INFORMATION PROVIDED section start

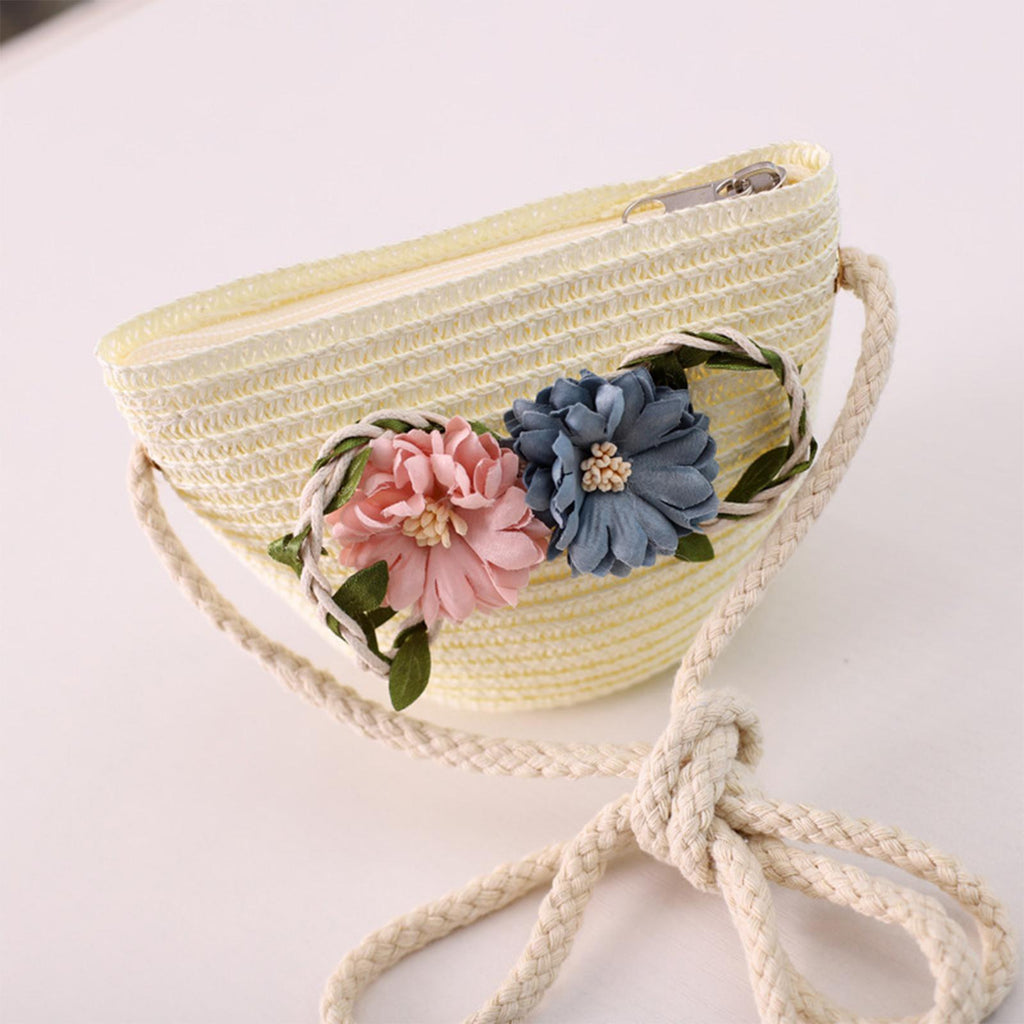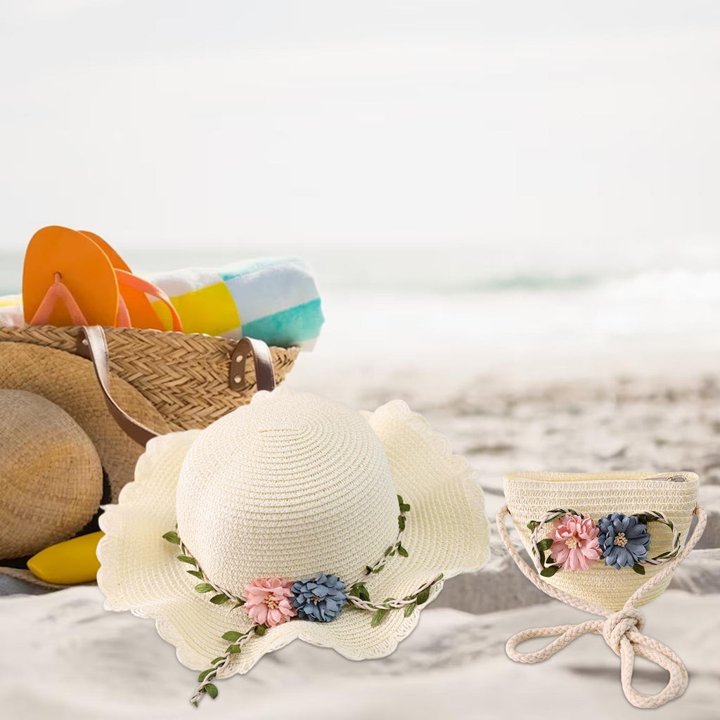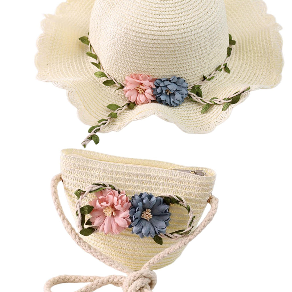 [Package ] 1 Girls Straw Hat and 1 Straw Tote. Perfect for a girl's tea party, garden party, spring outing, autumn outing or daily wear.
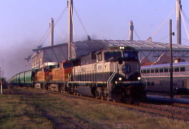We arrived at Alton well after dark and I had the light of my room out to enjoy the approach to St. Louis. Ddowntown stood out and the Arch was beautiful in the ever-changing night-time view and I could even see that horrible hotel that I stayed at during the 2001 National Railway Historical Society convention. The Texas Eagle crossed the Mississippi River into Missouri and stopped at the brand new Amtrak station in St Louis and I detrained to see the new station and what an improvement it was over the old temporary building that had been there for years. I then walked back and talked with the owner of the "Northstar", a former Great Northern sleeping car that Vice-President George W. Bush rode on October 31, 1988 between Baltimore and Washington. From the outside, it is a beautiful car which was going to San Antonio for some work. I returned to my room, made my bed up and called it a night right after we departed on time.
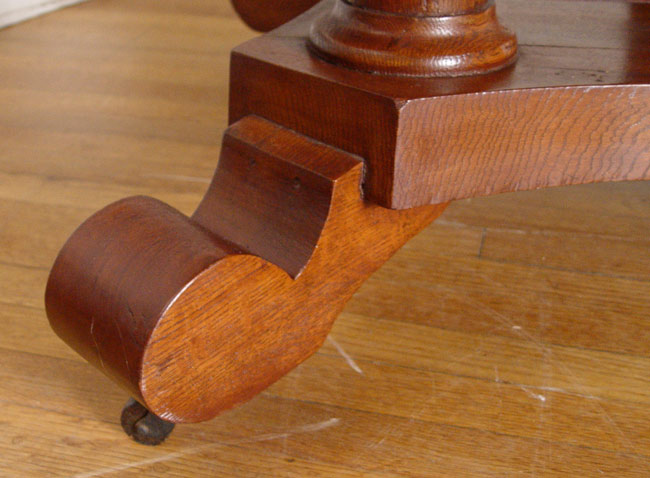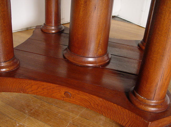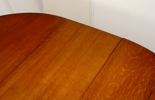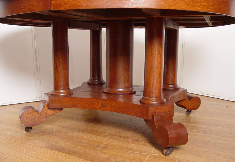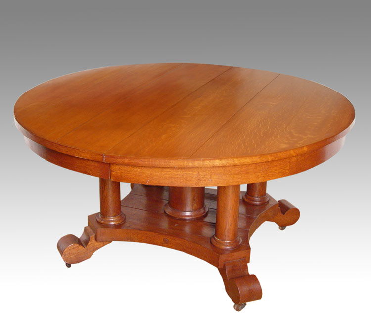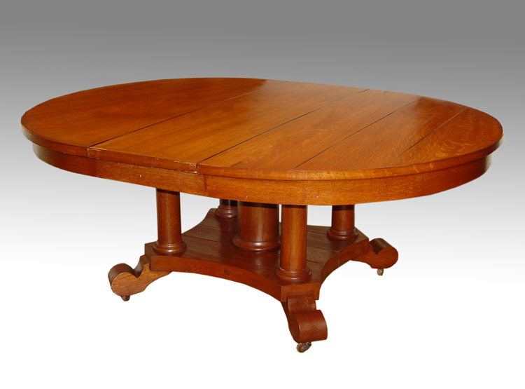 A GRAND LATE 19th C OAK EXPANDABLE DINNING TABLE: Round top on a 5 column base. 30'' tall x 59'' dia., expands to 96'' oval with the 2 leaved in place.

INFORMATION PROVIDED section end

DIRECTIONS: Copy out all the data exactly. The images should not appear in the copy.

WRITTEN RESPONSE:
 [Package ] 1 Girls Straw Hat and 1 Straw Tote. Perfect for a girl's tea party, garden party, spring outing, autumn outing or daily wear.
We arrived at Alton well after dark and I had the light of my room out to enjoy the approach to St. Louis. Ddowntown stood out and the Arch was beautiful in the ever-changing night-time view and I could even see that horrible hotel that I stayed at during the 2001 National Railway Historical Society convention. The Texas Eagle crossed the Mississippi River into Missouri and stopped at the brand new Amtrak station in St Louis and I detrained to see the new station and what an improvement it was over the old temporary building that had been there for years. I then walked back and talked with the owner of the "Northstar", a former Great Northern sleeping car that Vice-President George W. Bush rode on October 31, 1988 between Baltimore and Washington. From the outside, it is a beautiful car which was going to San Antonio for some work. I returned to my room, made my bed up and called it a night right after we departed on time.
 A GRAND LATE 19th C OAK EXPANDABLE DINNING TABLE: Round top on a 5 column base. 30'' tall x 59'' dia., expands to 96'' oval with the 2 leaved in place.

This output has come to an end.